Technical Editors Esther Derby and Brian Marick introduce Volume Four of STQE magazine.
Welcome to the first issue of volume 4 of STQE. Three years ago, we started a magazine that was focused on helping software practitioners—testers, test managers, development managers, and project managers—do the things they need to do to build better software.
And building software has changed dramatically over the last half century. We've seen significant changes even over the few years since this magazine has been in existence. As the years have passed, we’ve become used to an environment of uncertainty and change. What we'll be doing tomorrow is not as predictable as it used to be. We will not just grab a tool from our toolbox and apply it to some clear task described on a detailed plan.
Things today are much less static than they once were. Our context changes all the time. We are in constant dialogue with our environment, absorbing information and affecting our surroundings and future tasks by how we choose to respond.
With that in mind, we’re starting the year with a collection of articles that we hope will help you be in better dialogue with your environment.
In the MANAGEMENT & TEAMS feature, Dwayne Phillips describes a planning process that works with the people who will do the work, taking into account the relationships between the people and the tasks, and the problems to be solved. Plans are built and owned by the team, and the team can update them as the environment changes. This planning is designed to reflect reality at the start of a project and keep up with reality throughout the project’s life.

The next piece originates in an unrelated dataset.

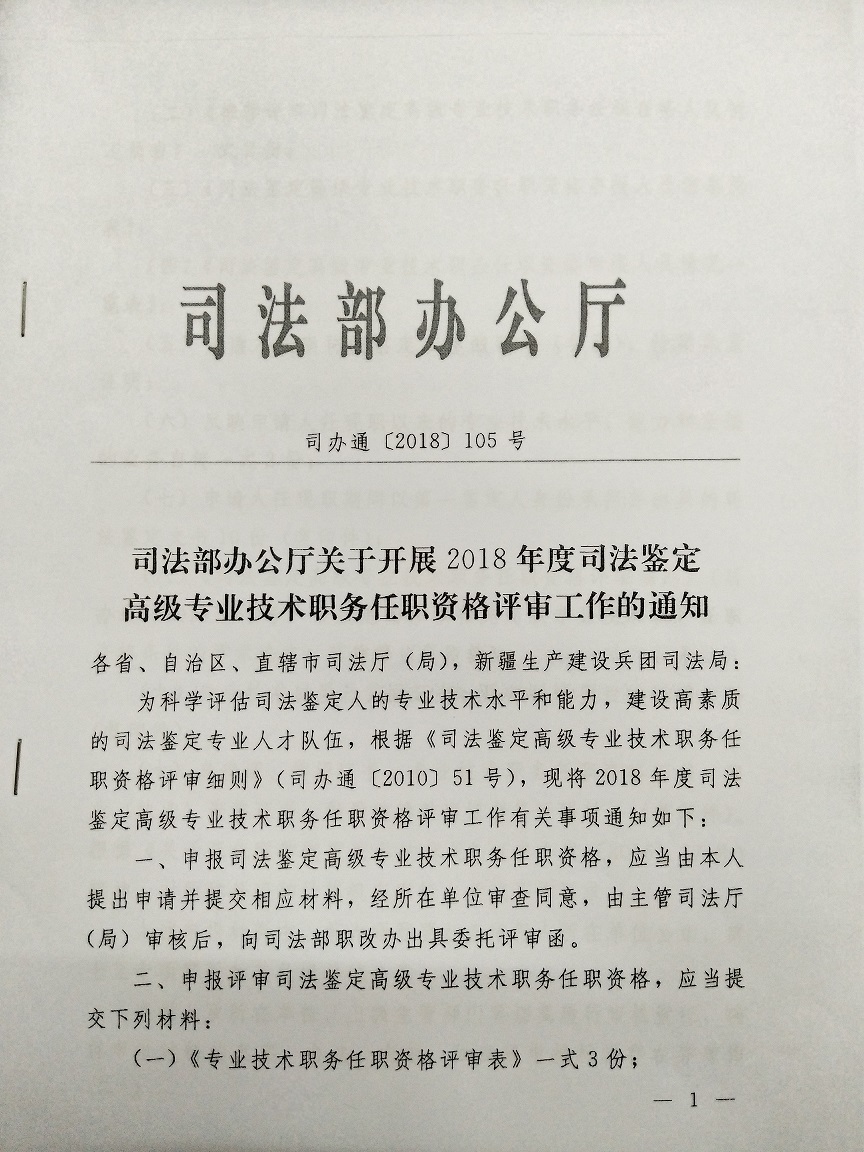 司法部办公厅关于开展2018年度司法鉴定高级专业技术职务任职资格评审工作的通知

We’re also reprinting Anna Alliso's fine MEASUREMENT & ANALYSIS article, "Meaningful Metrics," from our third year. Anna tells us how to show other people the data about software quality so they get the information they need to make good decisions.
In PROCESS & TECHNIQUES, Cindy Necaise manages the end game of a project in a way that helps software teams know where the software is relative to where they want it to be. When customers and the team know about the state of the software, they can make reasoned decisions. They can make those decisions based on the environment, not on a static plan.
Two of our articles are about developer testing. In the TOOLS & AUTOMATION feature, Andy Hunt and Dave Thomas describe what it's like to be a developer who loves to test; Jason Bedunah looks at unit testing from the manager's perspective in FROM THE FRONT LINE.
The intent of today's developer testing is importantly different than it was in the past. It is not just about finding bugs; rather, the new developer testers write tests first in order to understand design. In a very real way, developer testing is another form of explicit conversation: between a programmer and the possibilities inherent in the code at that point.
Finally, in THE LAST WORD, Jerry Weinberg counsels us on how to talk about quality to create shared understandings of what is desired and what is possible. When communication about quality is explicit, teams avoid playing games that lead them to hide the real state of the software, hoping that someone else will be the first to blink.
As we said above, we software people spend our days in a dialogue with our environment—with our customers, with our peers, with our tools, with our product. Work today is ever more a conversation with many parties and at many levels. It is our hope that we can support you in that dialogue.